MAN! It's been a long time since I have been on here. For my own sake, I need to write more. I guess it's like anything else... seasons. One thing that never changes though, is how God loves me so! I sure am glad that He doesn't love me in 'seasons'!
Over the past few months I have been in numerous conversations with various women where the topic is men... Go figure. "When is the Lord going to bring me a husband?", "Is this guy the right one for me?", "Why doesn't God answer my prayers?", "I am tired of being lonely."
ALL legitimate questions and statements that I have echoed with. But, it has been just recently that God keeps reminding me that what I yearn for and seek is right in front of my face. My maker is my husband. If you aren't a believer, that may sound weird to you, but, hear me out.
A good husband, on his best day, still isn't perfect. Yet, we desire and sometimes expect him to be. He should be meeting our emotional, physical, mental needs, right? NO!!!
The problem doesn't lie within him, it lies within us. We are looking to the wrong source for our needs to be met. God is more than able to give us everything we need when we need it.
Check out these 3 different situations that I found myself in...
1. about 3 weeks ago, I tried to cut my finger off with some hedge trimmers. Called a very close male friend of mine (Godly man who would give his right arm to me) and he hooked me up with a hand specialist, a no-wait ER visit, and got my stitches out for free. He even held my hand when the doc gave me the numbing shot.

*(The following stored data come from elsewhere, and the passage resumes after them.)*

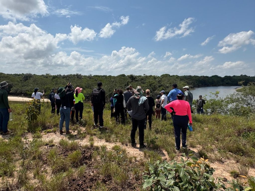 Foto 1:Uma foto tirada ao ar livre em frente ao grupo, há uma paisagem de mata fechada e, ao fundo, é possível ver um rio ou lago cercado por árvores. O céu está azul com nuvens brancas. A cena sugere uma atividade de ecoturismo, estudo da natureza ou passeio em área ribeirinha.
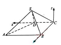 以C为坐标原点,射线CD为x轴正半轴,建立如图所示的直角坐标系C-xyz,设D(1,0,0),则A(2,2,0),B(0,2,0)。
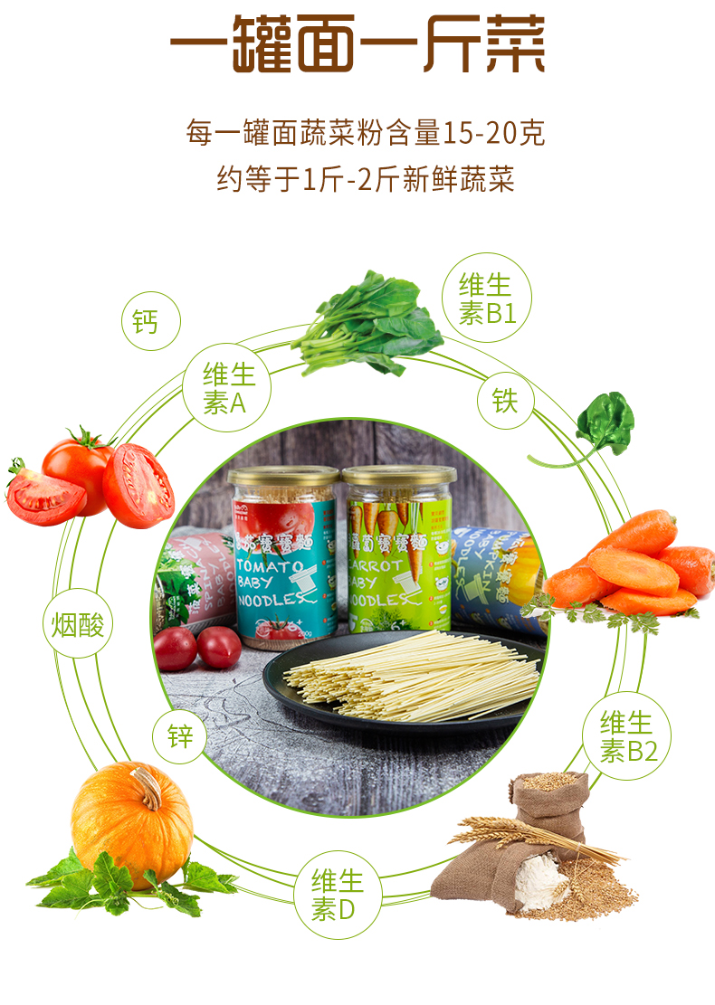 宝贝顾问中国台湾进口宝宝面条辅食婴幼儿营养儿童蔬菜面无添加盐/罐装200g
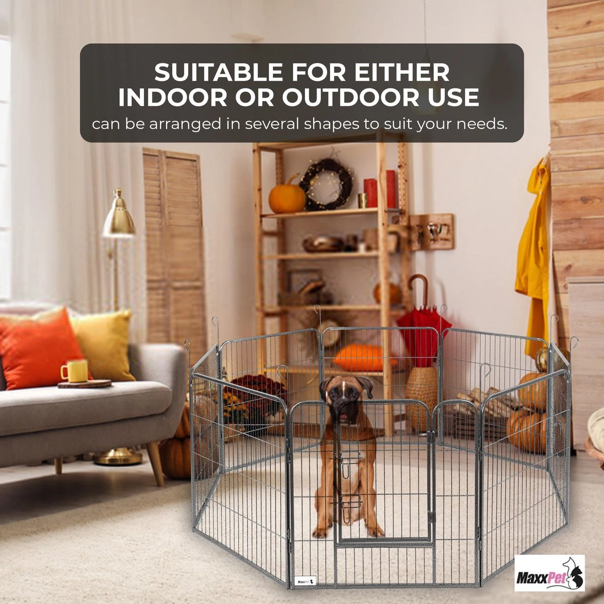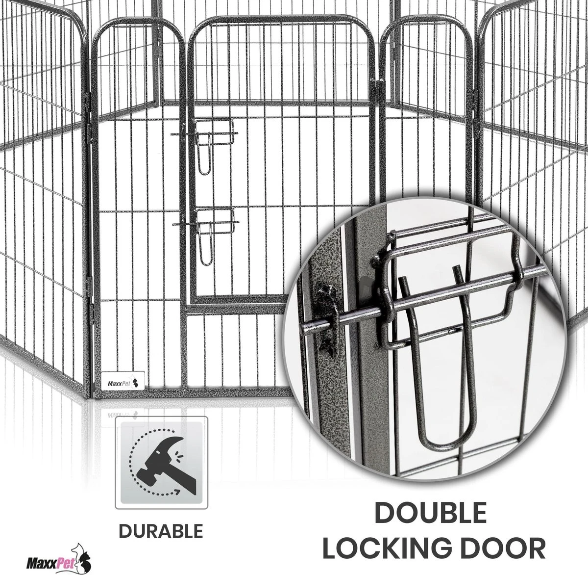 MaxxPet Puppyren – Hondenbench – Hondenren- Puppyren Met 8 Kennelpanelen – Staal -80 X 80 Cm Ø 210 Cm
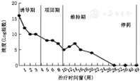 10例在我院住院和随访的初治隐脑患者脑脊液荚膜定量随访结果显示:在治疗过程中随着隐脑患者临床症状的改善,脑脊液炎症指标的逐渐好转,其抗原水平也逐渐下降,乳胶凝集试验及酶联免疫分析法的检测结果与临床改善均具有较高的符合度。监测荚膜抗原水平有助于判定患者病情变化及药物的疗效,隐球菌荚膜抗原的随访检测对疗效观察有重要价值[11]。在诱导期治疗结束时,两种方法检测的抗原水平都有明显的下降。两种方法定量检测治疗前荚膜抗原水平最高的是同一患者,该患者起病时病情重,颅内压很高,在药物治疗的同时使用ommaya泵穿刺降颅压。随着治疗的进展,荚膜抗原水平逐渐下降。患者在治疗第13周拔除ommaya泵,在图3及图4中可见抗原水平都呈现轻度的反跳现象,可能存在少量隐球菌黏附于ommaya泵有关。该患者在治疗的28周其抗原检测转阴,第49周停药。是否可以根据抗原水平决定疗程,有待增加临床病例进行系统研究。由于本研究的病例数较少,多数还在治疗期,已完成疗程的只有1人,同时标本收集处理、实验操作等方面可能存在误差,对于乳胶凝集试验与酶联免疫分析法的优劣,荚膜抗原检测对疾病预后价值的评估以及抗原检测转阴后的停药节点等问题,还有待于进一步扩大临床病例进行深入研究。

2. I was out on my (awesome ) scooter, and I ran out of gas. No joke, I didn't wait 2 minutes and 3 different men stopped to help me. (once again, all Godly men), two went to get me gas, and one stayed with me and allowed me to stay in his car due to the heat! I was gassed up and ready to ride within 20 minutes!
3. Was out on my road bike and blew a tire. Had no phone, and was 4 miles out from my car. I only had 15 minutes to get back in time to pick up Taytum... AHHHHH! (i know, never go without my phone) Anyway, a nice gentleman (complete stranger) took me back to my car.
All of these things are things that my 'husband' should have helped me do, but, since I don't have an earthly husband anymore, I have learned to rely on my one true love. The one who told me that He would never leave or forsake me. The one who says I'm more precious than silver or gold, the one who adores me. The one who truly wipes away all my tears and who will NEVER abandon me or chose someone else over me.
How sweet is He? It's nice to be loved. Whether you are married or not, I pray that you allow God to romance you this week!